Alguém devia ter caluniado Josef K., porque ao acordar, certa manhã, recebeu aviso de que seria julgado por cometer genocídio, sem que tivesse feito alguma coisa de mal. Atordoado, vestiu-se e foi ao fórum para descobrir onde estava o engano. Depois de atravessar um túnel escuro, labiríntico, cheio de armadilhas explosivas, encontrou uma carta assinada em código com a chancela da África do Sul. Nela também se via o brasão da Coreia do Norte, do Irã, da China e outros brasões menores, inclusive um do Brasil. Josef K. finalmente decifrou o engano: o datilógrafo, no lugar da palavra “agressor”, escrevera “vítima”, e vice-versa.
Diferentemente do Josef K. de O processo, de Kafka, esse nosso Josef K. empenhou-se em uma luta de morte e conseguiu, a enorme custo pessoal, ganhar algum tempo de sossego para continuar a se defender (enquanto não chega outra acusação, invertendo vítima e algoz).
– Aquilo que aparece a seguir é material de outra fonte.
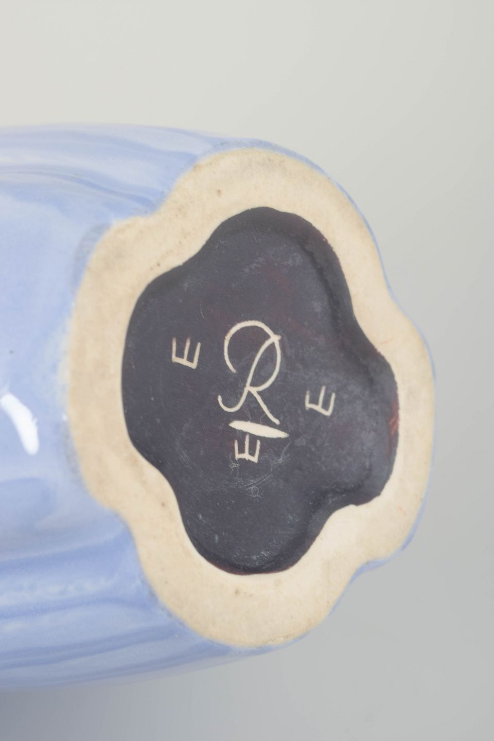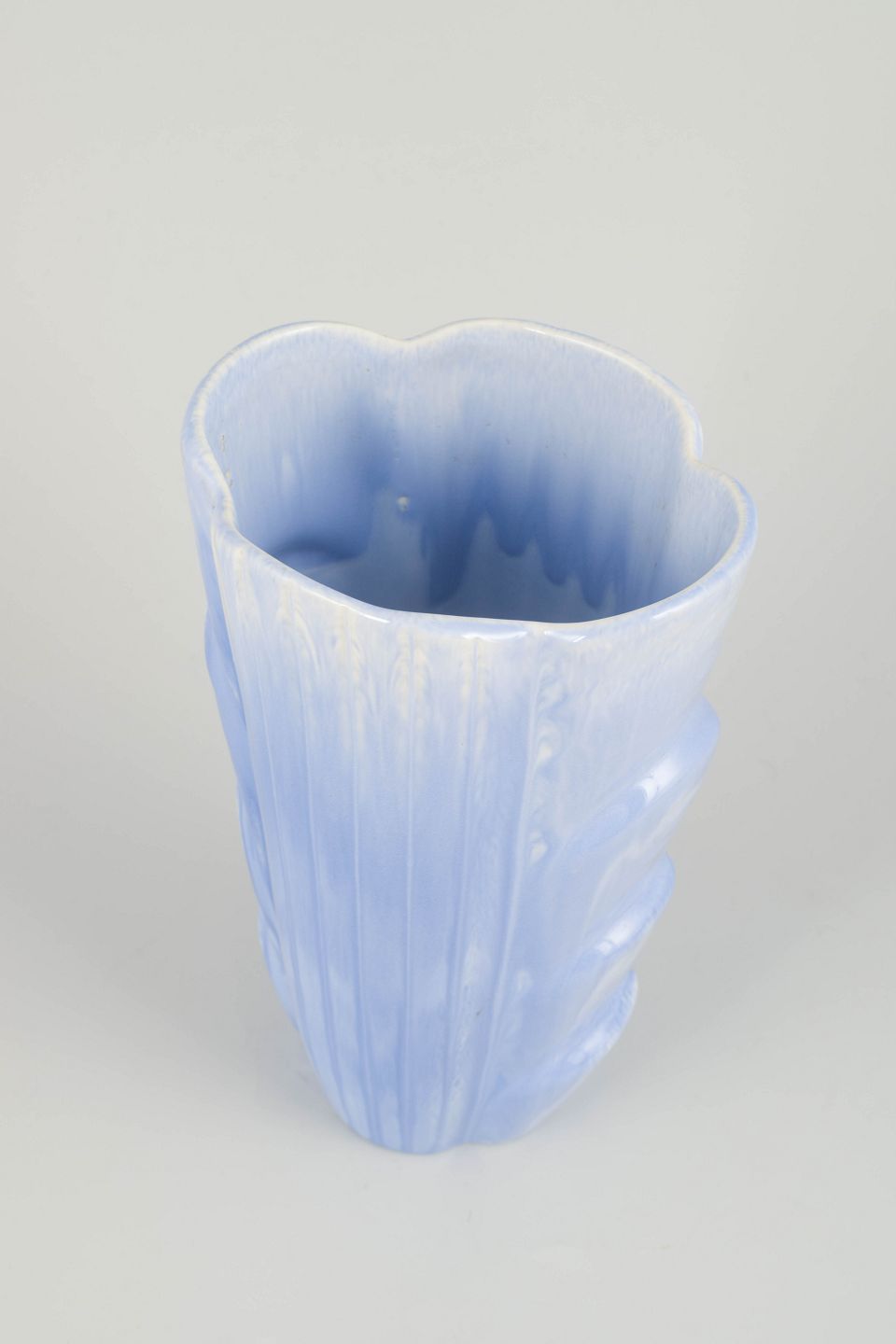 Imponerende keramisk vase med skulpturel, organisk form og lyseblå glasur med perlemorsskær. Et elegant eksempel på Rörstrands midt-århundredes formsprog. Stemplet som 2. sortering.
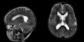 Seizure disorders are common,[3] and may include generalized tonic–clonic, absence, rolandic and febrile seizures.[4] Neuroimaging usually reveals benign brain anomalies.[5] Other neurodevelopmental findings include mildly decreased muscle tone, poor motor coordination and unusual walking. Feeding difficulties—made worse by decreased tone of muscles—begin in infancy and may lead to failure to thrive.[6] Children can also experience reflux and constipation.[7] Heart defects such as ventricular septal defect and lung conditions like tracheomalacia occur rarely.[1]
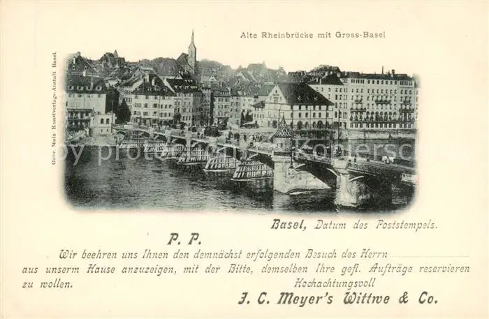 Basel_BS Alte Rheinbruecke mit Gross-Basel Basel_BS postalisch nicht gelaufen bis 1920 Erhaltung siehe scans [FriedD77] Frierer
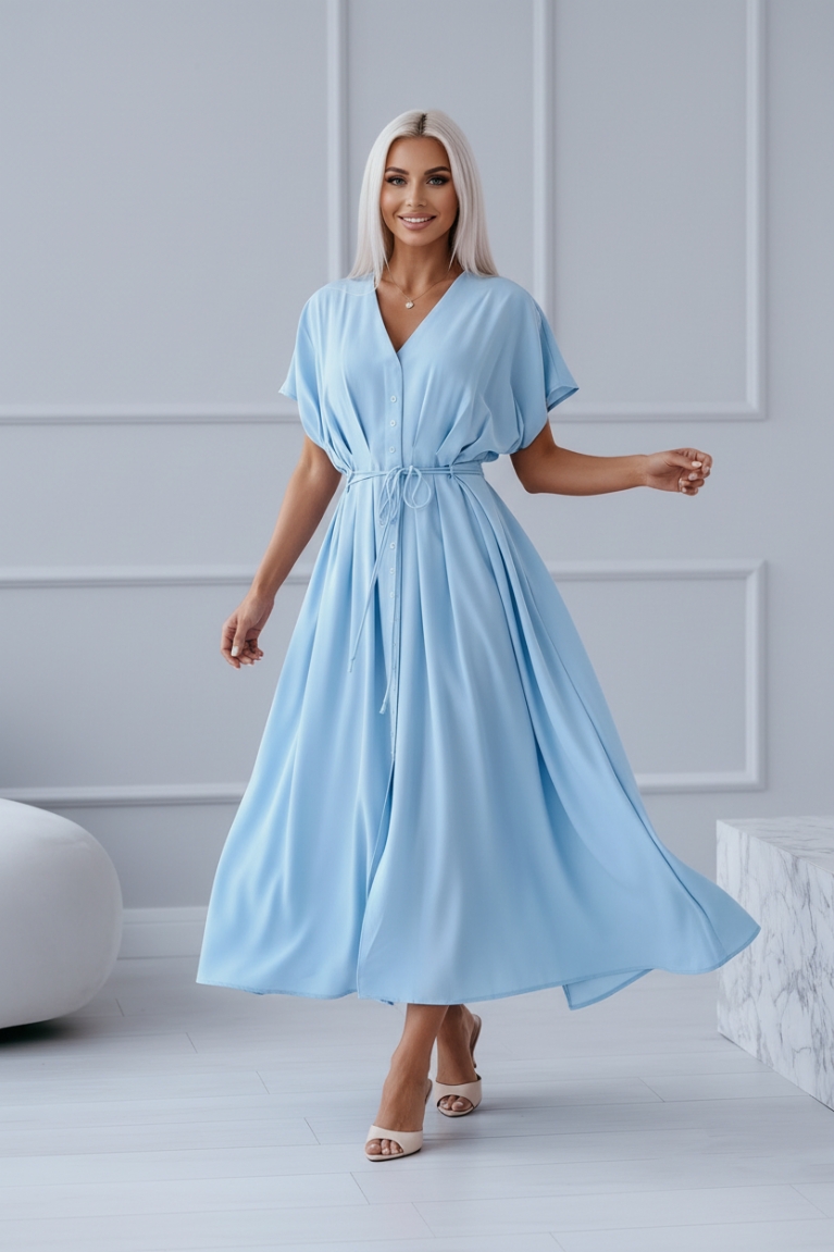Αναδείξτε τη θηλυκότητά σας με αυτό το υπέροχο midi φόρεμα σε γαλάζιο χρώμα.

Kafka morreu há 100 anos, e nos deixou de herança a certeza de que a realidade é absurda e que o absurdo é real. Verdade hoje, como há 100 anos.
2.
Enquanto isto, meu esposo Claudio e eu estamos nos acostumando a essa vida de operário de fábrica: dirigir uma hora e meia para chegar ao trabalho, dobrar milhares de sacos plásticos, montar centenas de caixas de papelão, intervalo, mais sacos plásticos ou caixas, almoço, tarde igual à manhã. Na fábrica de sacos plásticos nos colocaram juntos para fazer o trabalho que normalmente seria feito por uma pessoa só. Acho que ficaram com dó dos velhinhos... mas já que essa é a missão, dobramos plásticos como eles nunca foram dobrados, com precisão milimétrica de um casal com TOC. A diversão ficou por conta do esforço em adivinhar os comandos em russo na máquina. Russo? Exato. Desde 1989 imigraram para Israel quase um milhão e meio de cidadãos da União Soviética (devem ter se entediado daquela vida segura, da liberdade, da fartura). Hoje, um em cada quatro israelenses é ucraniano ou russo da Geórgia, do Uzbequistão, da Bielorússia. Na brincadeira, dizemos que a segunda língua mais falada em Israel é o hebraico.